Published on Realtor.com Sep 25, 2019 By Jamie Wiebe
Autumn brings pumpkins and—love 'em or hate 'em—pumpkin spice lattes, sweater weather, and spooky skeletons. But most importantly, fall brings an end to a summer of outdoor adventures—and tedious yard tasks like weeding, mowing, and watering the lawn.
But just because the weather's cooling off doesn't mean your to-do list will, too. Before busting out the cinnamon spice and mulled wine, take on a few home maintenance tasks that will put you in good standing once temperatures dip.
"It's easier to prepare for a winter emergency in the fall," says Jericho McClellan, who works in construction management.
But fear not: We've got you covered with our checklist of home maintenance chores to tackle this season. Read on for details about where to start, and whom to call if you need backup.
1. Properly store your yard equipment
One of the best parts about fall: You can usually put your lawn mower into hibernation mode until spring.
But before you forget about that pesky piece of machinery entirely, remember this: Spring will suck if you don't prep your equipment this fall. That's because gasoline reacts with the air in the tank if left long enough, causing oxidation, which creates small deposits that can affect the performance of your mower.
And it's not just gas-powered equipment that needs a fall refresh.
Lester Poole, Lowe's live-nursery specialist, recommends running pressurized air through your pressure washers to remove any remaining water in the system, which will prevent freeze damage to the pumping mechanisms.
If your winter is particularly snowy and gritty, you'll be glad to have your pressure washer on high alert.
DIY: This project is easy to do yourself—just get rid of any spare gasoline. Many cities and counties have hazardous-waste programs, or your local auto parts store might take the old gas for you, too.
2. Protect your pipes
When temps dip below freezing, unprotected pipes can burst from exposure. Guard against burst pipes by wrapping them in foam insulation, closing foundation vents (more on that below), and opening cabinet doors under sinks to allow warm air to flow around supply lines. And make sure to keep your thermostat at 60 degrees or higher overnight.
If you haven't tracked down your home's water shut-offs yet, now's the time. They might be located outside your house or in your crawl space. Once you've found them, give them a test.
"The winter is not a fun time to try to figure that out, especially should a pipe burst," McClellan says. (More on that, too, in a minute.)
Now's also a good time to drain all of your exterior water hoses to prevent an icy emergency.

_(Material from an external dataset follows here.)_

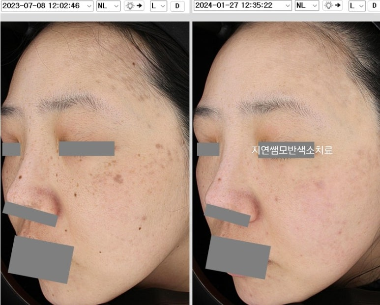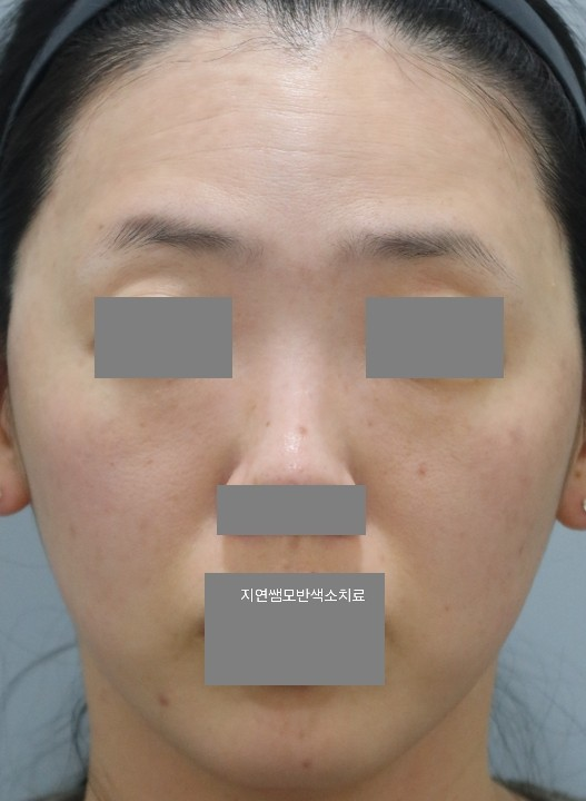 In the actual photos, it’s not very obvious, but this patient’s skin around the face, eyes, and neck tends to get red and dry easily, and she had eczema, so we had to be very cautious with the laser treatments.

DIY: If your pipes do freeze, leave the affected faucets on and turn off your water supply, says Jenny Popis, a Lowe's Home Improvement spokeswoman. Then locate the freeze point by feeling the length of frozen pipes to determine which area is coldest. You can attempt to thaw it by wrapping the frozen section in washcloths soaked in hot water—then thaw until you have full water pressure.
Call in the pros: If you can't locate the freeze point or your pipes have burst, call in a licensed plumber, which will run $150 to $600 on average(depending on the severity of the leak).